Hi Jan,
I haven't the patch you suggested(in order to catch it again). But I have reproduced this issue and found something very strange for me:
1) corosync_dispath_get() got called by our CLM client after return form polling the file descriptor of the IPC channel. But I don't think there is any dispatch request generate from serverside because we have only one node in cluster, no cluster membership change notification can happen.
2) the poll() in corosync_dispatch_get() returns 1 but the errno is not zero, it is EINTR! Then it run into socket_recv(). Can poll really act like this? Or the errno belongs to the previous syscall?

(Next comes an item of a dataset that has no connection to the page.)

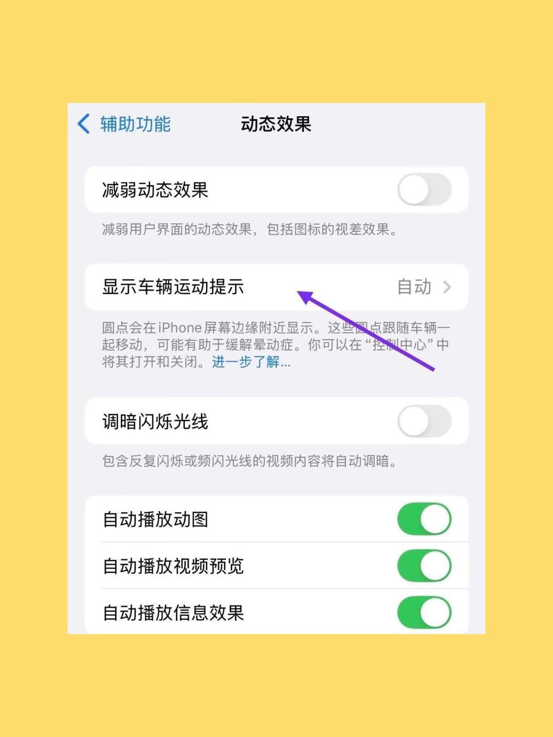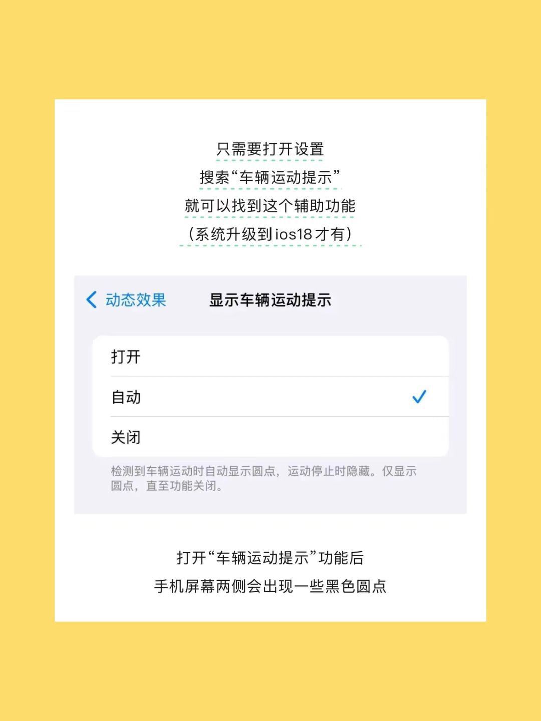 谁懂啊!每次坐车看手机/低头看导航,不到10分钟必头晕恶心,朋友告知苹果手机居然有自带晕车buff 原理超简单:屏幕会跳出个小圆点,跟车的加速、减速、转弯完全同步动。之前晕车是眼睛看手机(觉得静止)但内耳感知在动,大脑直接乱套;现在圆点帮眼睛“看见”运动,感官不打架,恶心头晕直接退退退! ⚠️先划重点: • 系统必须更到iOS18及以上 • 机型要iPhone XR或之后(老机型家人们先哭哭)...

3) in socket_recv(), the call to recvmsg() returns -1 and errno is EBADF. So after returns to corosync_dispatch_get() , the assertion raised.
Thanks Jan,
I will give it a try and find out the initial reason why this issue appear.in my environment.On Dec 3, 2012 5:12 PM, "Jan Friesse" <jfriesse@xxxxxxxxxx> wrote:Hi,
honestly I'm really unsure why this assert is there. Actually, it really
looks like thing which shouldn't be there at all. I would suggest a
patch, which simply:
- remove whole #if defined (as it doesn't seem to be needed)
- remove assert
- check if error is CS_OK and if not, goto error_put
Regards,
Honza
jason napsal(a):
> Hi All,
> We have encountered an assertion at coroipc.c:925 and it seems hard to
> reproduce. According to the code of corosync-1.4.4 it means socket_recv()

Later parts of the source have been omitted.